« Amnistie : je ne suis pas contre mais… »
Quand on agite la question de l’amnistie annoncée de Karim Wade et de Khalifa Sall, il faut bien se garder de faire des amalgames. Il faut distinguer la culpabilité réelle ou présumée des concernés de la façon dont ils ont été jugés par le régime de Macky Sall. Car les procès étaient contraires aux droits de l’homme et à toute forme d’éthique. Dans les deux cas on doit faire preuve de lucidité avant de prendre position : ceux qui les ont mal jugés sont précisément ceux qui les ont accusés de choses dont ils sont eux-mêmes probablement coupables ou complices. Aussi, le fait d’être favorable à l’amnistie n’est-il pas forcément synonyme d’un blanc-seing à la mal gouvernance ; il s’agit plutôt d’une question de principe : autant la gestion vertueuse et transparente des ressources publiques est un principe non négociable, une justice équitable et républicaine l’est avec la même nécessité.
Une justice expéditive est toujours un grave antécédent dans un pays de droit. J’ai toujours dit que Macky ne voulait pas qu’une véritable lumière soit jetée sur la gestion libérale, sinon il avait la possibilité technique de faire des enquêtes et des audits minutieux en toute discrétion pour arriver à des résultats plus probants. Le simple fait que la CREI soit activée, puis éteinte dans les faits montre qu’il y a une grande rupture d’égalité, ce qui est contraire à la république. Dans l’affaire Khalifa Sall aussi le fait qu’il y ait des maires qui ont transigé (en douceur) sans que leur casier judiciaire en pâtisse et, surtout, le plus important, sans que la vindicte populaire ne soit pas lâchée contre eux (là où Khalifa a été trainé dans la boue) est une forme d’Apartheid judiciaire inacceptable. Que personne ne nous divertisse encore : le même Macky Sall qui décriait la justice sous Wade et qui faisait des supplications chez le défunt Khalif général des Mourides sait que la justice sénégalaise peut être manipulée. Sinon pourquoi avait-il demandé l’intercession dudit Khalif ?

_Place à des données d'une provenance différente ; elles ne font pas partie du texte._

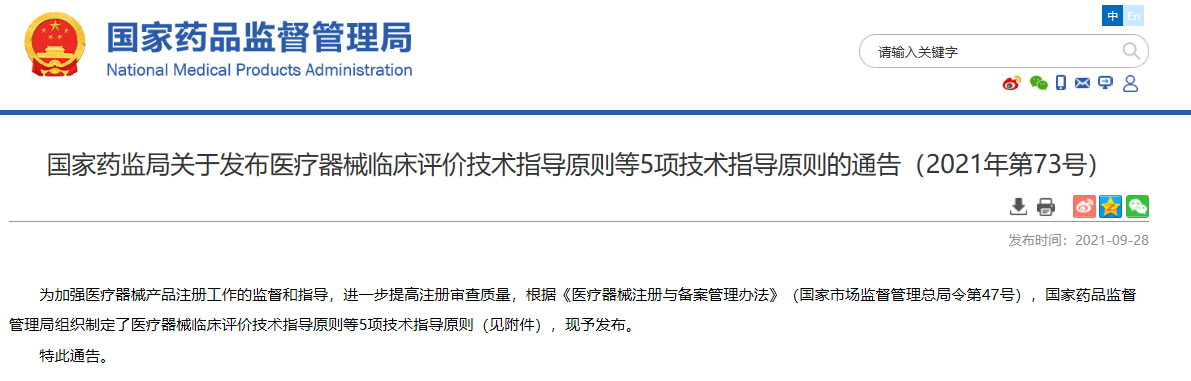 國(guó)家藥監(jiān)局關(guān)于發(fā)布醫(yī)療器械臨床評(píng)價(jià)技術(shù)指導(dǎo)原則等5項(xiàng)技術(shù)指導(dǎo)原則的通告(2021年第73號(hào))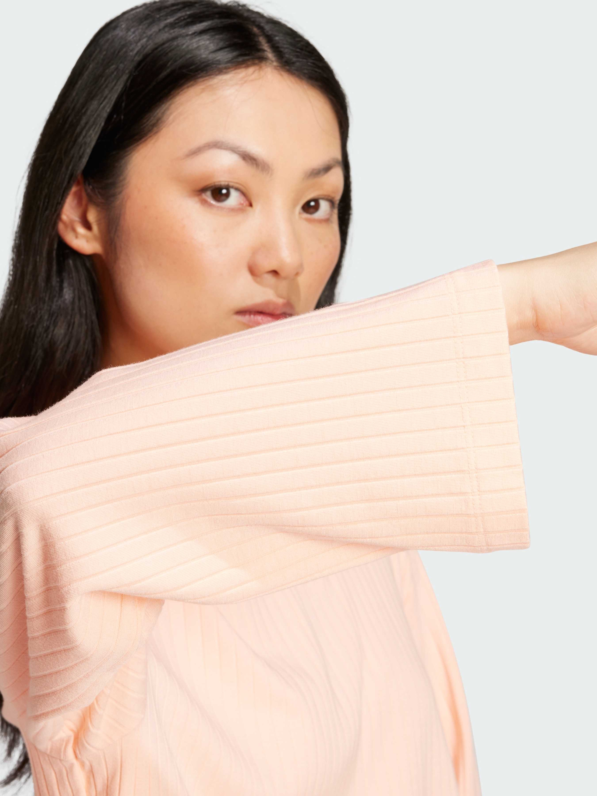 Характеристики 44% віскоза, 26% перероблений поліестер, 12% еластан, 9% бавовна, 9% модал Круглий виріз горловини Вільний крій Вкорочений фасон Опис Цей укорочений лонгслів від adidas чудово поєднує невимушений стиль із сучасними акцентами. Виготовлений з дуже м'якої та еластичної тканини, він грайливо нагадує про вінтажний спортивний одяг, а вільний, невимушений крій робить його сучасним і зручним для носіння. Поєднай його з джинсами з високою талією або велосипедками для активного образу, або одягни з комфортними легінсами для розслабленого дня.

C’est dommage que dans notre pays on est toujours très émotif et on se laisse facilement emporter par le courant d’une opinion frivole et largement formatée par une presse qui n’est plus capable de faire preuve de professionnalisme. Les sorties de certains journalistes sont juste des prestations de communication politique, et c’est extrêmement dangereux pour la viabilité de la démocratie. Sans aucune forme d’analyse on se met à prophétiser l’avenir, à damner des hommes politiques pour faire la promotion d’autres, à tourner en dérision les intellectuels pour leur clouer le bec et laisser le champ libre aux élus de sa bourse.
Macky Sall a souillé le travail de la presse comme jamais personne ne l’avait fait avant lui. Il a transformé des journalistes en riches hommes d’affaires, et on peut se demander à quel prix ? Comment peut-on prétendre lutter contre la corruption en corrompant des journalistes ? Tels des cannibales politiques, ceux soudoyés vouent aux gémonies les adversaires du Président, peignent la vie des Sénégalais en rose et, pour finir, ils habituent le peuple au folklore et à la facétie à ciel ouvert. Pour en revenir à cette histoire d’amnistie, il faut juste dire que Macky peut amnistier qui il veut, y compris Satan, s’il en a le pouvoir, mais ça ne lui ouvrira jamais les portes d’une troisième candidature.